The song is called Literally I Can’t.

As in, Literally I Can’t wait to turn it off. Or, Literally I Can’t believe this pile of offensive, misogynistic awfulness exists.

Disclaimer: what you are about to watch will probably ruin your day, your ears, maybe your life. It is repetitive; it may get stuck in your head. If you start humming it, we hold no responsibility for not wanting to be friends with you any more. No, not even on Facebook.

Here are the three reasons why this song should not exist. At all.

1. The lyrics are APPALLING.

First, a little context. It won’t take long, because the concept is such a pile of crap that it requires no thought at all.

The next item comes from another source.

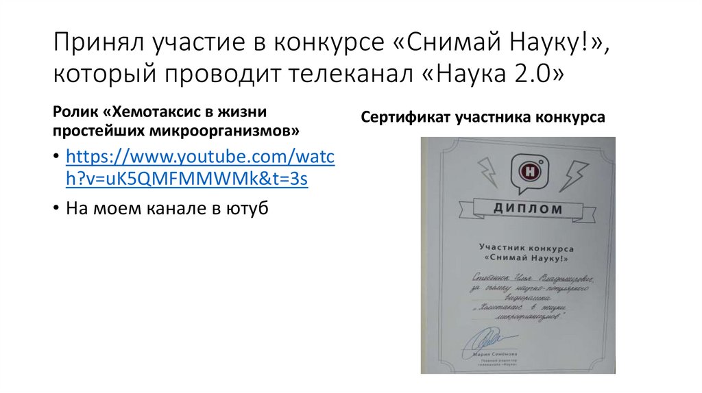 Принял участие в конкурсе «Снимай Науку!»,который проводит телеканал «Наука 2.0»

There’s a douchey party, attended by some douchey guys, of the kind of douche level that is frankly an embarrassment to God/The Big Bang/whatever biological genius created human life. Among these guys are Redfoo, Lil Jon and Enertia McFly (no idea, but it sounds disease-spreading). In come some girls who, obviously, do not want to waste a second of their lives being in the company of these grot-bags, let alone, a) doing tequila shots with them, b) doing girl-on-girl action in front of them. The women should leave, but instead they say, ‘Literally I can’t’ on repeat. Sure, it’s annoying, but look at what they’re dealing with. Redfoo – who we must point out is a 39-year-old grown man – responds with the following:

“You got a big ol’ butt, I can tell by the way you walkin’. But you an annoying BEEP, Cos you talkin, ugh.”

Where to start?

redfoo2

2. The men who like this song are going to be APPALLING.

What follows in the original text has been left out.